Task directions :: Could you retype exactly the lines below between the one holding "Душевая кабина Grossman" and the one holding "近日,在國家稅務總局澄邁縣稅", inclusive, leaving out any pictures?

Provided information ::
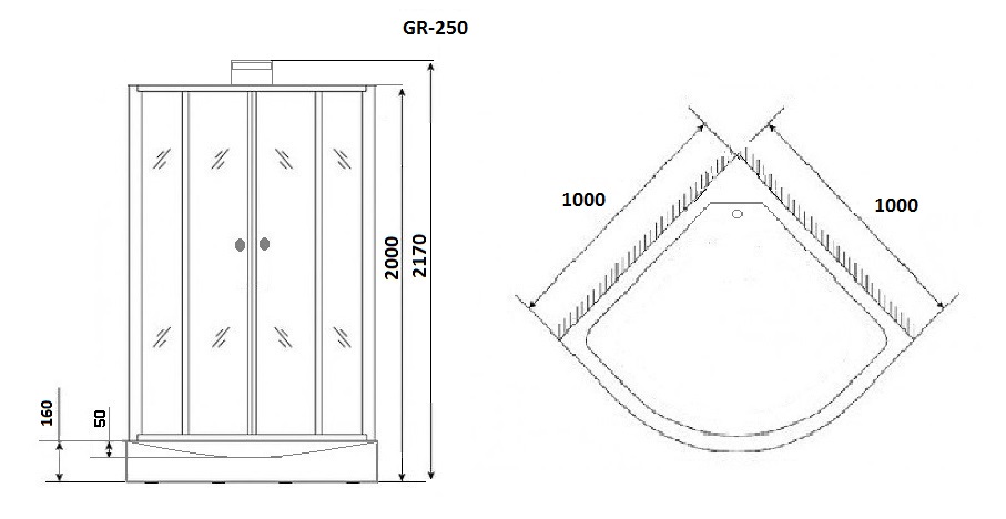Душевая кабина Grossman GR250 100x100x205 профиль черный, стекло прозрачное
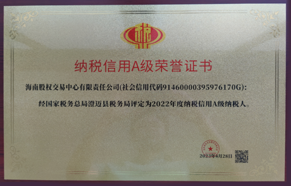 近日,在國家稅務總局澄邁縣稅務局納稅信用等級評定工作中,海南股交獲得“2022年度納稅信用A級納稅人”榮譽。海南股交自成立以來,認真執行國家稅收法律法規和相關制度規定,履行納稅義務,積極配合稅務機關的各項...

==

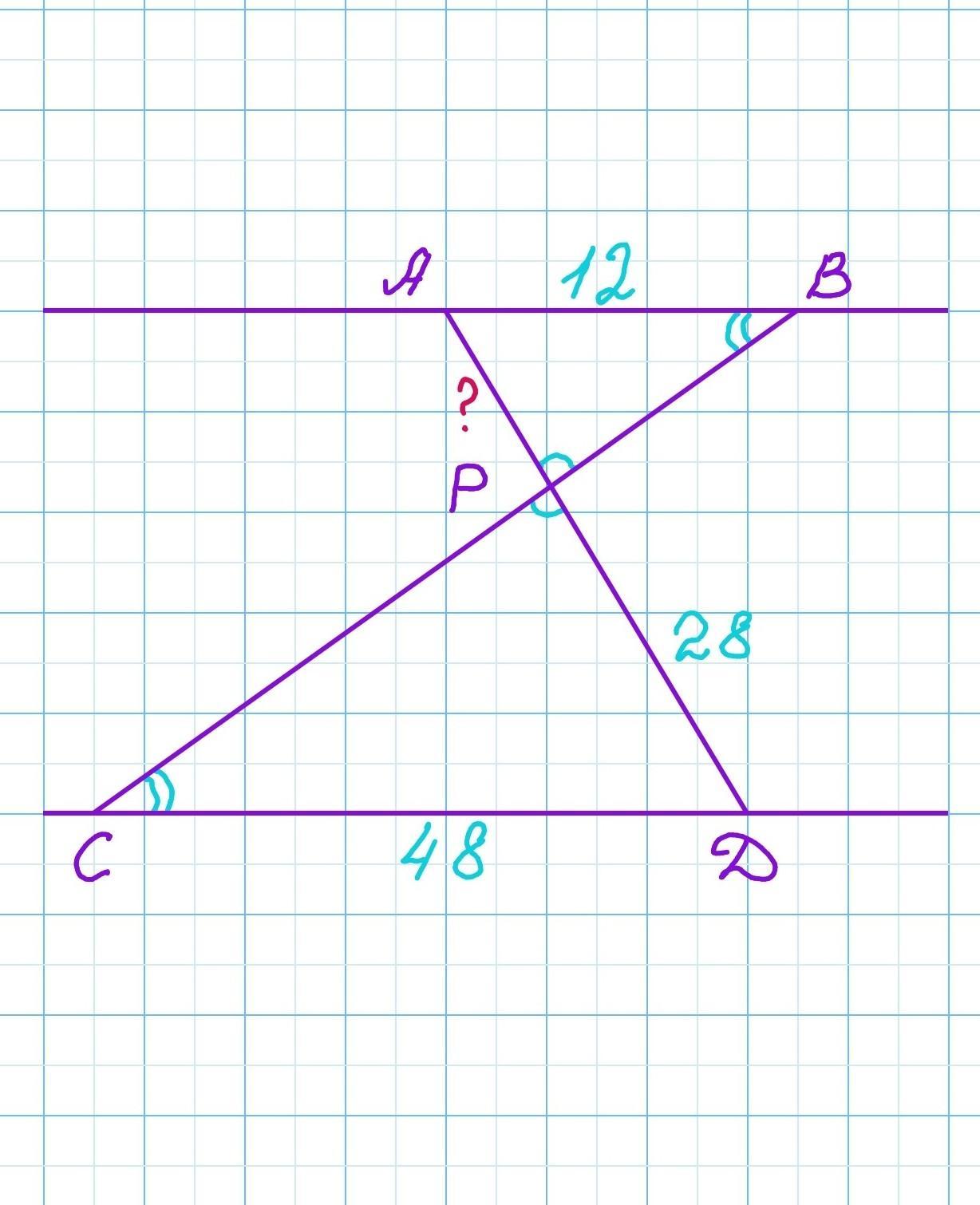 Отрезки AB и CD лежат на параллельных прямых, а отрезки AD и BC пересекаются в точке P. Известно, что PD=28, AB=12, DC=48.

Output for this task ::
Душевая кабина Grossman GR250 100x100x205 профиль черный, стекло прозрачное
 近日,在國家稅務總局澄邁縣稅務局納稅信用等級評定工作中,海南股交獲得“2022年度納稅信用A級納稅人”榮譽。海南股交自成立以來,認真執行國家稅收法律法規和相關制度規定,履行納稅義務,積極配合稅務機關的各項...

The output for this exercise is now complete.